● WORK TO BE COMPLETED
Nothing should appear in the answer except the lines below from the line containing "所有者はA様ですが、ご依頼の" through the line containing "Vermentino Colli di", copied exactly, with pictures left out.

● RAW DATA
*** Begin section ***

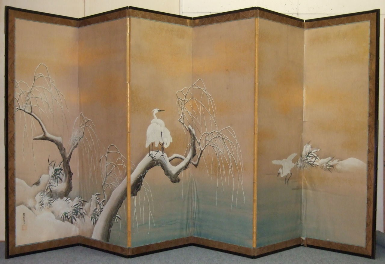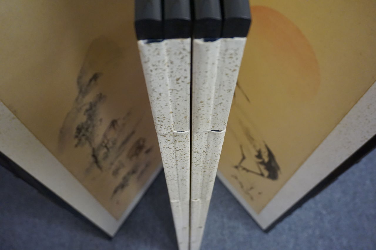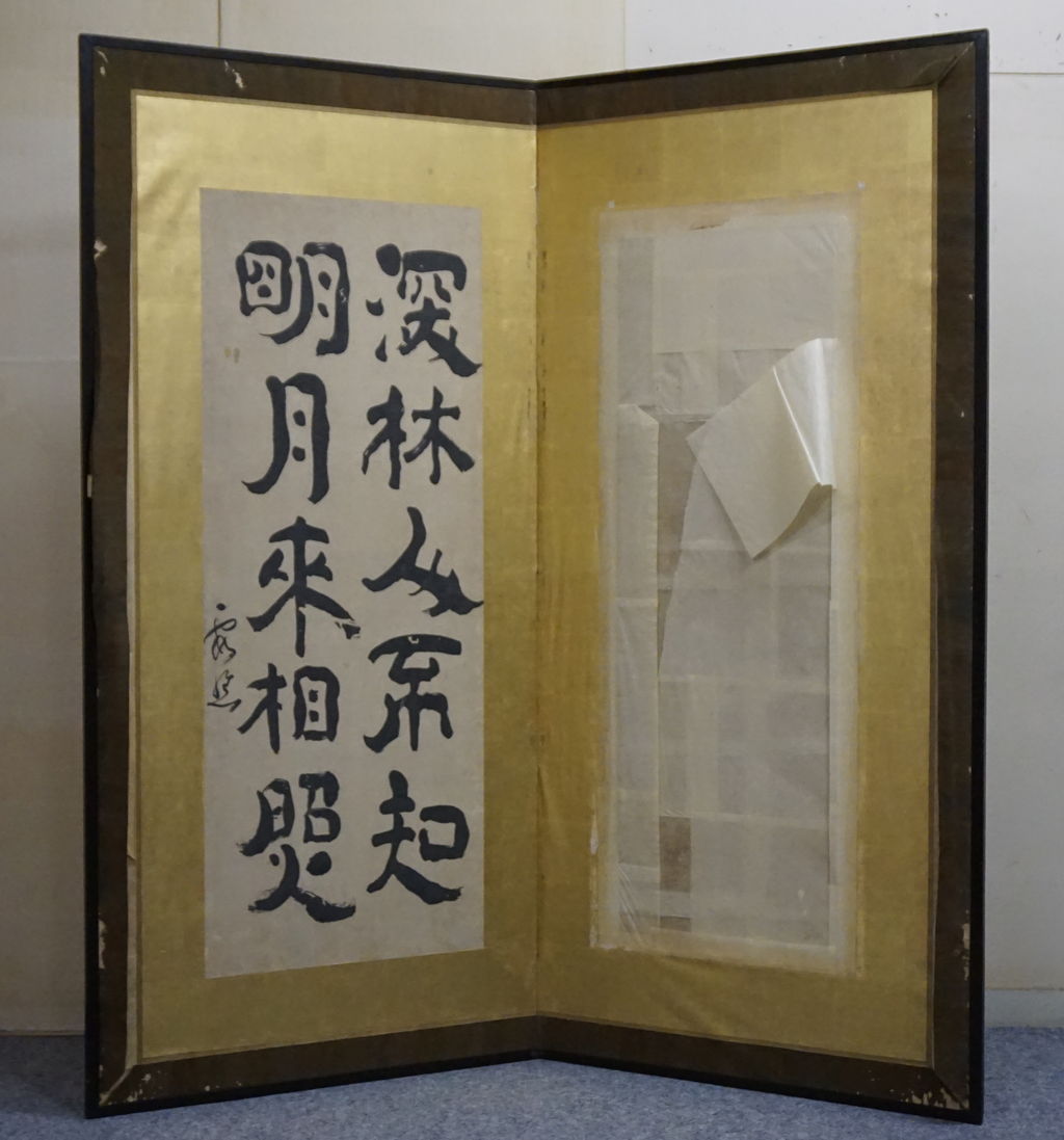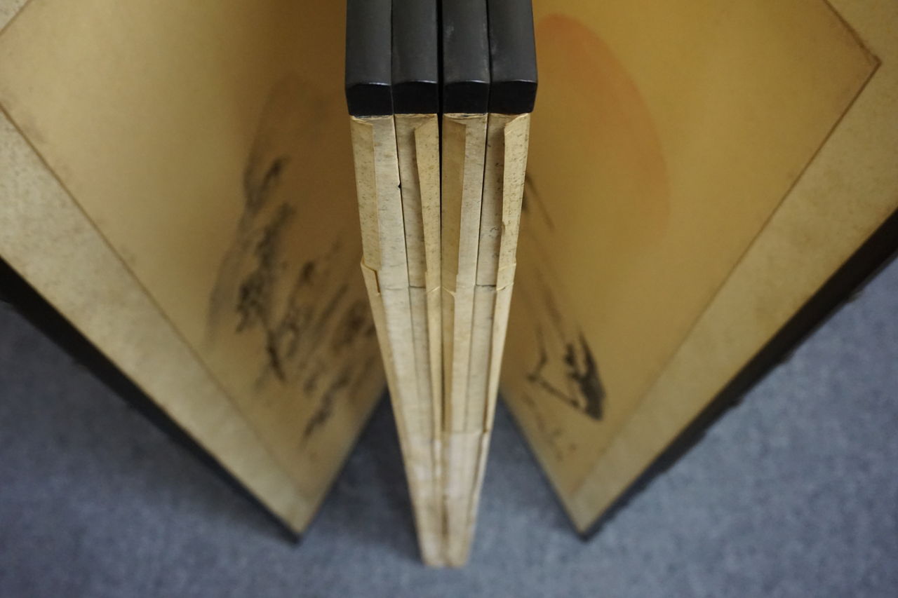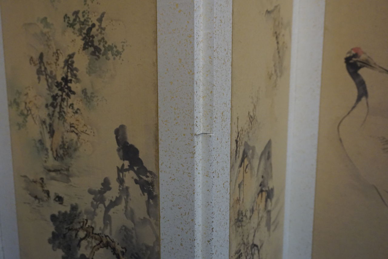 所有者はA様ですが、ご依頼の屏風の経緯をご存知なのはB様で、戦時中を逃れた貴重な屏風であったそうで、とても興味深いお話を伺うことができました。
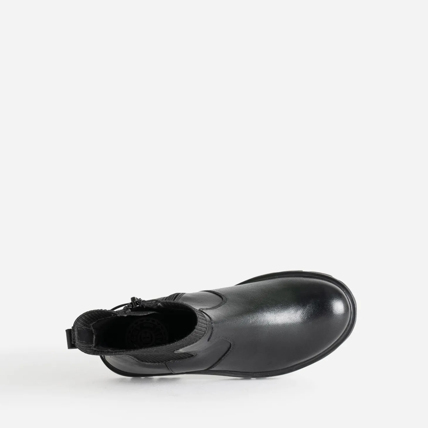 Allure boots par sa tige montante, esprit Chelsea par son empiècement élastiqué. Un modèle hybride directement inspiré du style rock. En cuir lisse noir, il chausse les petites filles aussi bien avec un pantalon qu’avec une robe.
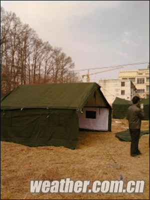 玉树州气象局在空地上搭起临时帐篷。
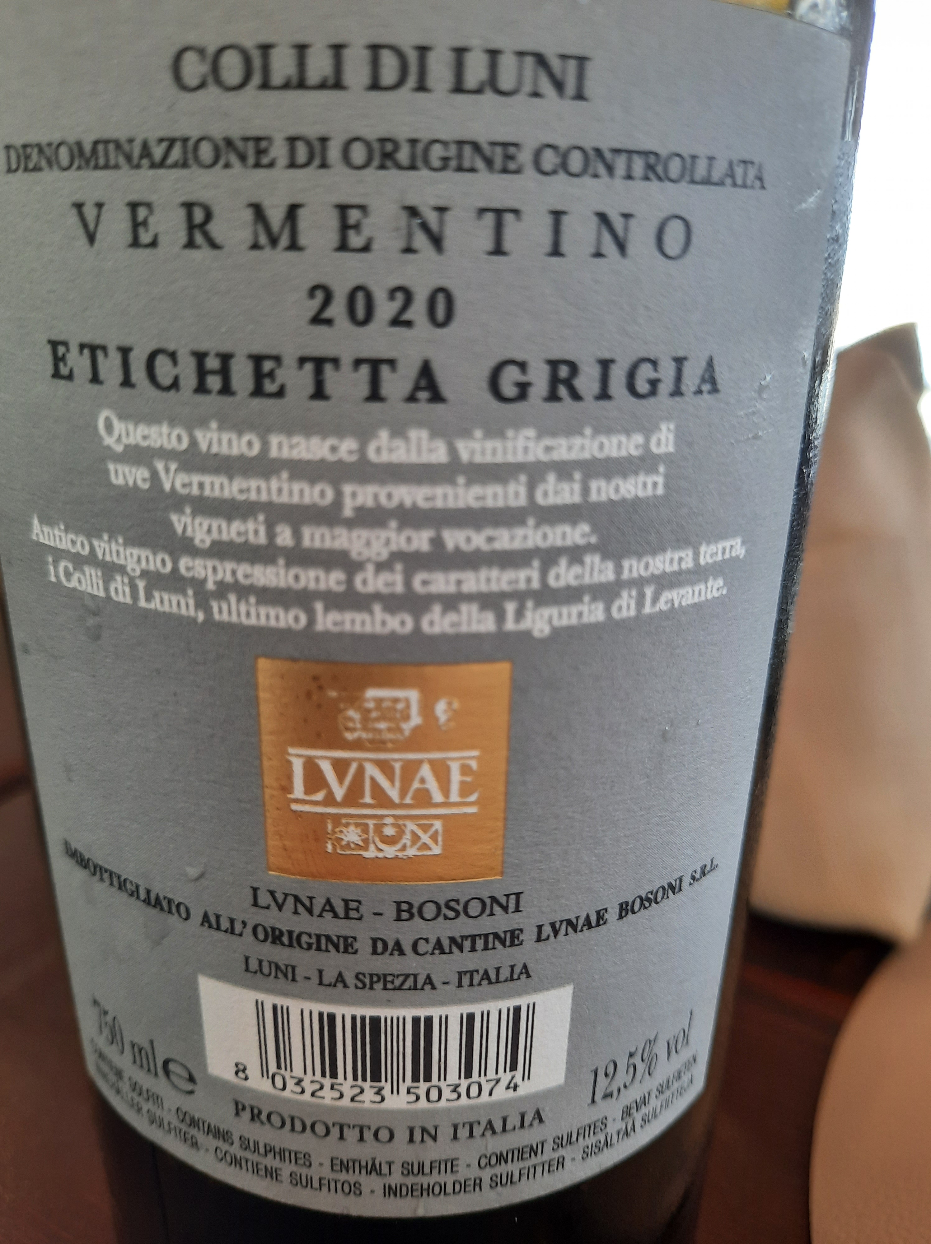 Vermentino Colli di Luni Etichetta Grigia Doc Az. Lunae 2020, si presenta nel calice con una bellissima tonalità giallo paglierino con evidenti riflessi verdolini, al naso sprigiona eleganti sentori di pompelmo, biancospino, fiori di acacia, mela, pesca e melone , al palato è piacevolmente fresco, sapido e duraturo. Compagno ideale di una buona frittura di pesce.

*** End section ***
*** Begin section ***

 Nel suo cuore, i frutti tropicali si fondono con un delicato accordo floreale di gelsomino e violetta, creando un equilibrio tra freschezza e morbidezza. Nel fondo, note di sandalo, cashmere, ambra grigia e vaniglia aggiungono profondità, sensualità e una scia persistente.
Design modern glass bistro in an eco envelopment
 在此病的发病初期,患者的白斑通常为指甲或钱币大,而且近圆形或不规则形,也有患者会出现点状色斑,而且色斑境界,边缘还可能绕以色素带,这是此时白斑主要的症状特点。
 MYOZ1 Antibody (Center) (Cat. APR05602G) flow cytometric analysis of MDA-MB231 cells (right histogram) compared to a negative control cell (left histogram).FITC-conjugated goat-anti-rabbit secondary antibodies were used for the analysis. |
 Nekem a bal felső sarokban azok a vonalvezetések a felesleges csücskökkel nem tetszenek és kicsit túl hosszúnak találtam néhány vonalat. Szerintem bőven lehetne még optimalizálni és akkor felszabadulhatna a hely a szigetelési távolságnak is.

*** End section ***

● OUTPUT FOR THIS TASK
 所有者はA様ですが、ご依頼の屏風の経緯をご存知なのはB様で、戦時中を逃れた貴重な屏風であったそうで、とても興味深いお話を伺うことができました。
 Allure boots par sa tige montante, esprit Chelsea par son empiècement élastiqué. Un modèle hybride directement inspiré du style rock. En cuir lisse noir, il chausse les petites filles aussi bien avec un pantalon qu’avec une robe.
 玉树州气象局在空地上搭起临时帐篷。
 Vermentino Colli di Luni Etichetta Grigia Doc Az. Lunae 2020, si presenta nel calice con una bellissima tonalità giallo paglierino con evidenti riflessi verdolini, al naso sprigiona eleganti sentori di pompelmo, biancospino, fiori di acacia, mela, pesca e melone , al palato è piacevolmente fresco, sapido e duraturo. Compagno ideale di una buona frittura di pesce.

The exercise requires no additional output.